Records contained in a dataset
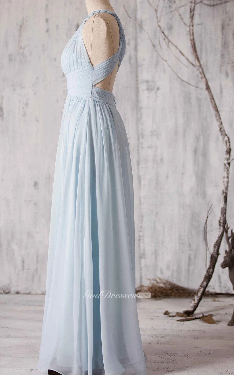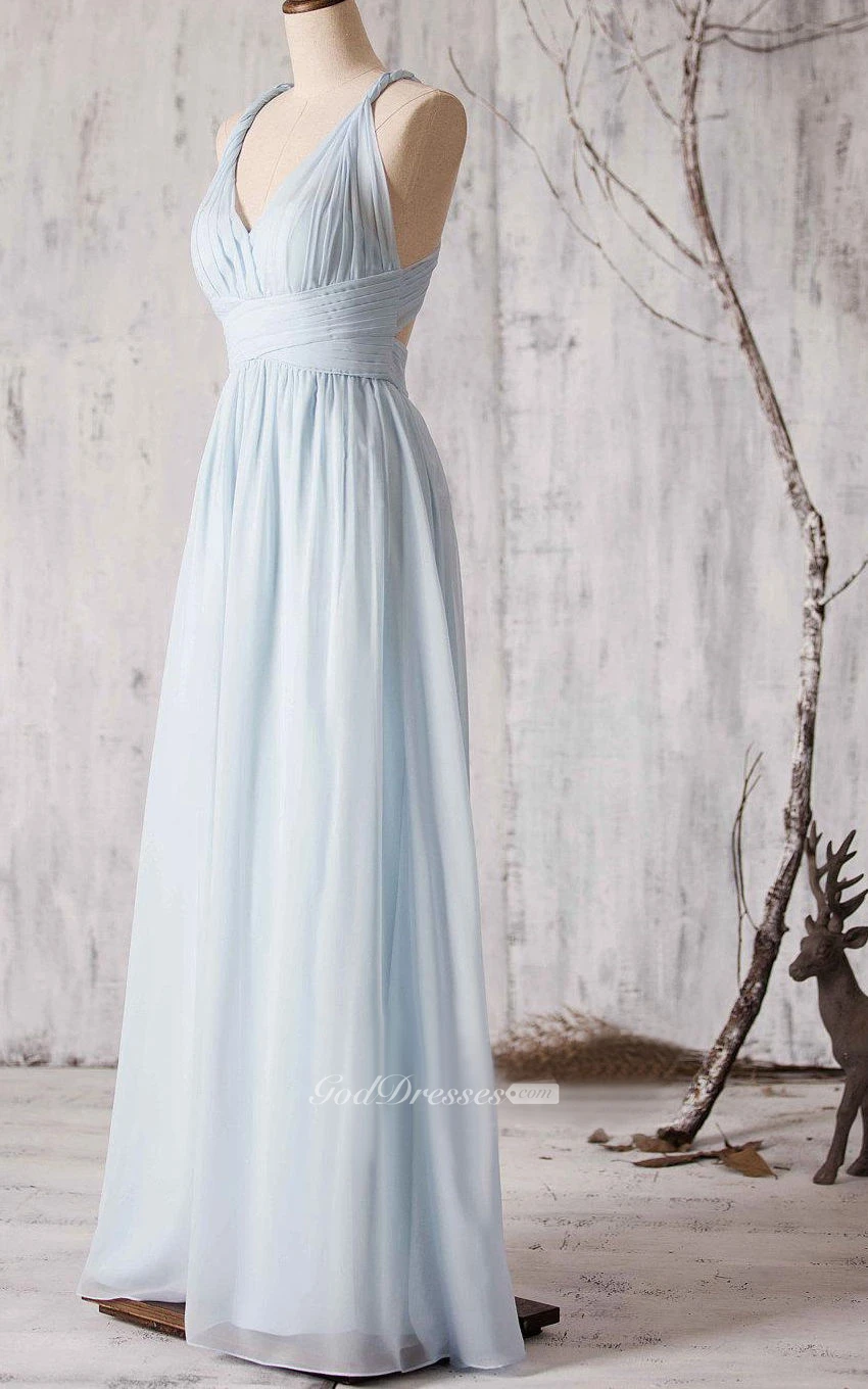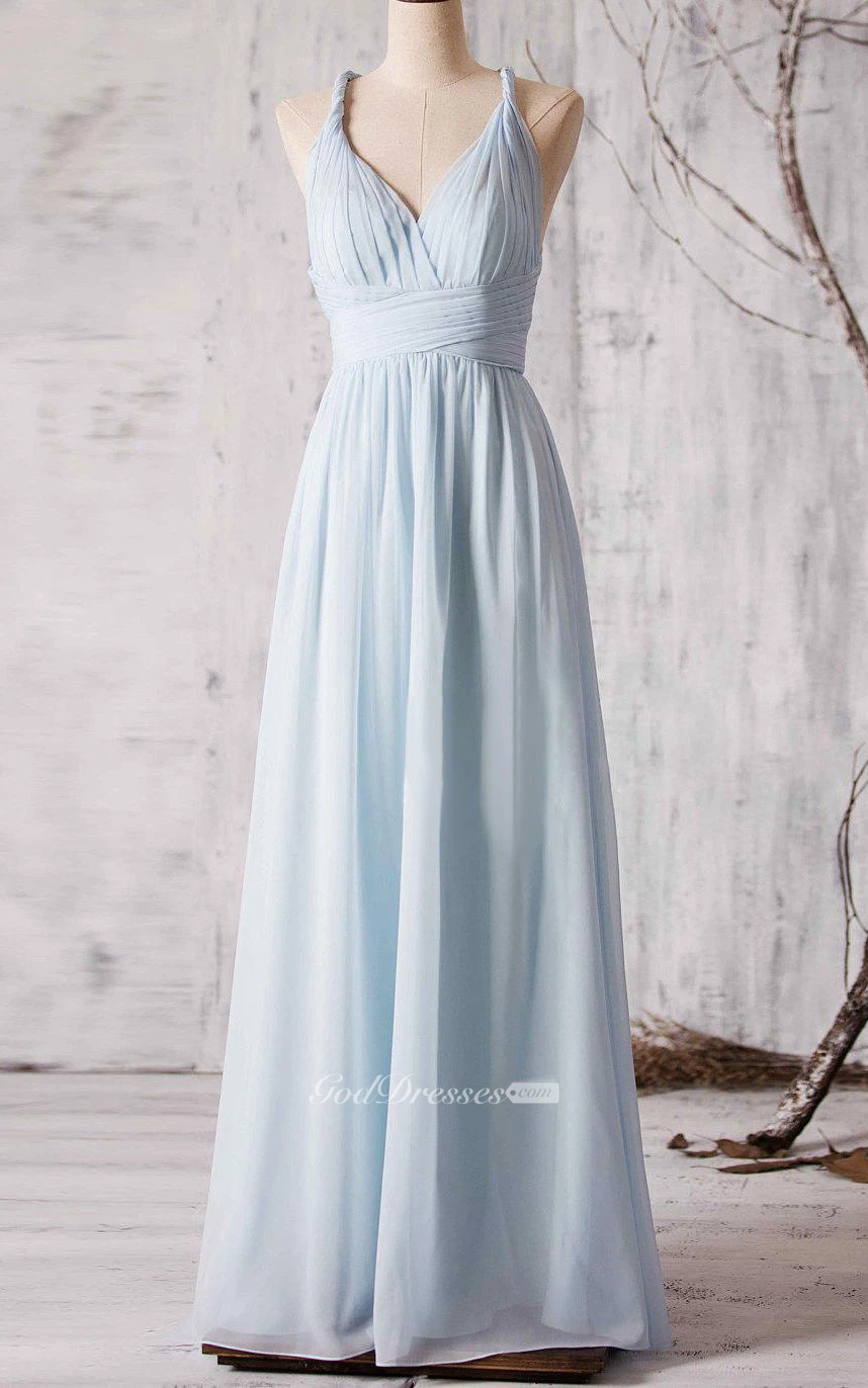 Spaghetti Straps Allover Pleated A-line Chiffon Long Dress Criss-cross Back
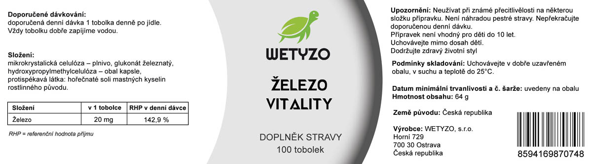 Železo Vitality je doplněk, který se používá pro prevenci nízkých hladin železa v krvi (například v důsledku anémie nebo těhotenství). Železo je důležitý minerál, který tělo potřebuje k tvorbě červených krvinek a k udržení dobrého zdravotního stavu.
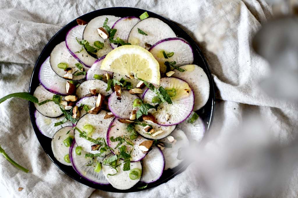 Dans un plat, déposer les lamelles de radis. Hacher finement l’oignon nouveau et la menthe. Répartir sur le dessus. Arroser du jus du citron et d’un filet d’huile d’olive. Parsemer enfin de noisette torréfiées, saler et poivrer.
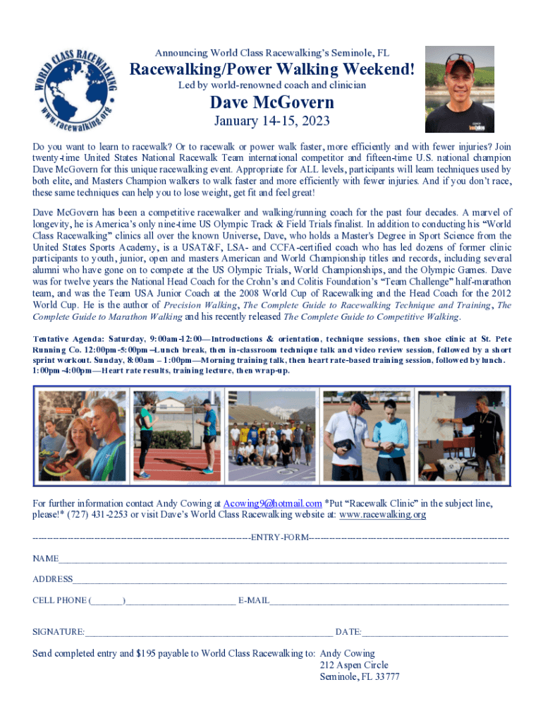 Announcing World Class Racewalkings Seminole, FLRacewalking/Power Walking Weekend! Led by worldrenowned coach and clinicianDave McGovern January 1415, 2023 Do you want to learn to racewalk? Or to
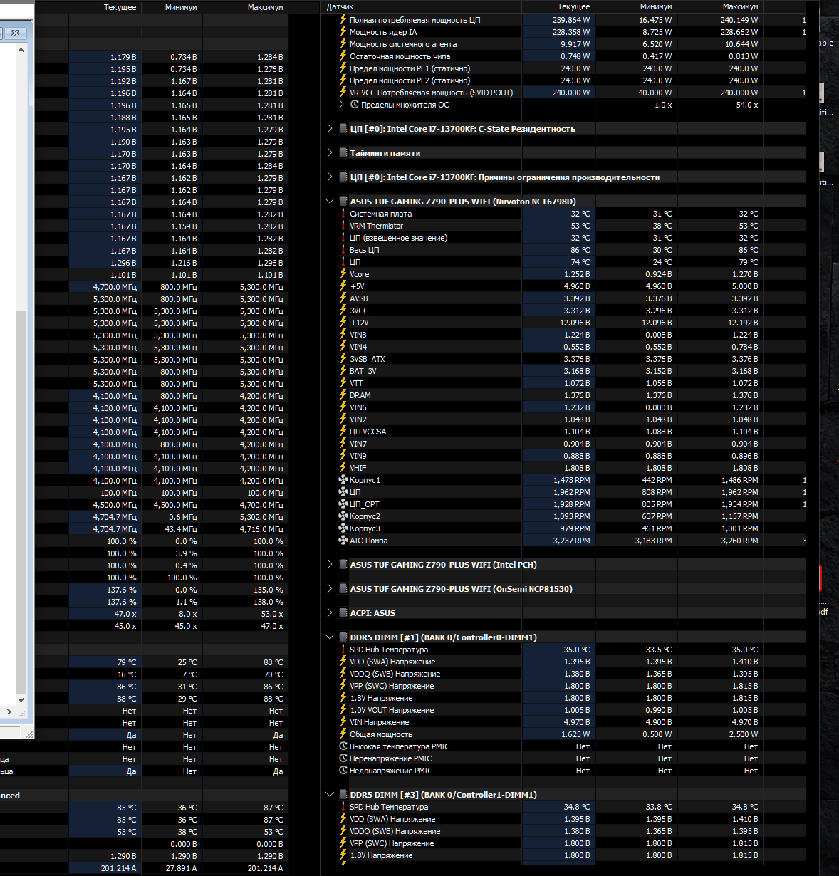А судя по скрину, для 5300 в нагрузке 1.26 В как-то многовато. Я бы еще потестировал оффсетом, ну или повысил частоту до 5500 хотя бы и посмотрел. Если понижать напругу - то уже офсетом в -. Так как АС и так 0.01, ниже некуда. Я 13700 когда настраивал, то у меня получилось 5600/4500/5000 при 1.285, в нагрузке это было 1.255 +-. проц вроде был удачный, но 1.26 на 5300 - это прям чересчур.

» **What the exercise asks**
The records above are to be repeated exactly, apart from their pictures.

» **Worked solution**
 Spaghetti Straps Allover Pleated A-line Chiffon Long Dress Criss-cross Back
 Železo Vitality je doplněk, který se používá pro prevenci nízkých hladin železa v krvi (například v důsledku anémie nebo těhotenství). Železo je důležitý minerál, který tělo potřebuje k tvorbě červených krvinek a k udržení dobrého zdravotního stavu.
 Dans un plat, déposer les lamelles de radis. Hacher finement l’oignon nouveau et la menthe. Répartir sur le dessus. Arroser du jus du citron et d’un filet d’huile d’olive. Parsemer enfin de noisette torréfiées, saler et poivrer.
 Announcing World Class Racewalkings Seminole, FLRacewalking/Power Walking Weekend! Led by worldrenowned coach and clinicianDave McGovern January 1415, 2023 Do you want to learn to racewalk? Or to
А судя по скрину, для 5300 в нагрузке 1.26 В как-то многовато. Я бы еще потестировал оффсетом, ну или повысил частоту до 5500 хотя бы и посмотрел. Если понижать напругу - то уже офсетом в -. Так как АС и так 0.01, ниже некуда. Я 13700 когда настраивал, то у меня получилось 5600/4500/5000 при 1.285, в нагрузке это было 1.255 +-. проц вроде был удачный, но 1.26 на 5300 - это прям чересчур.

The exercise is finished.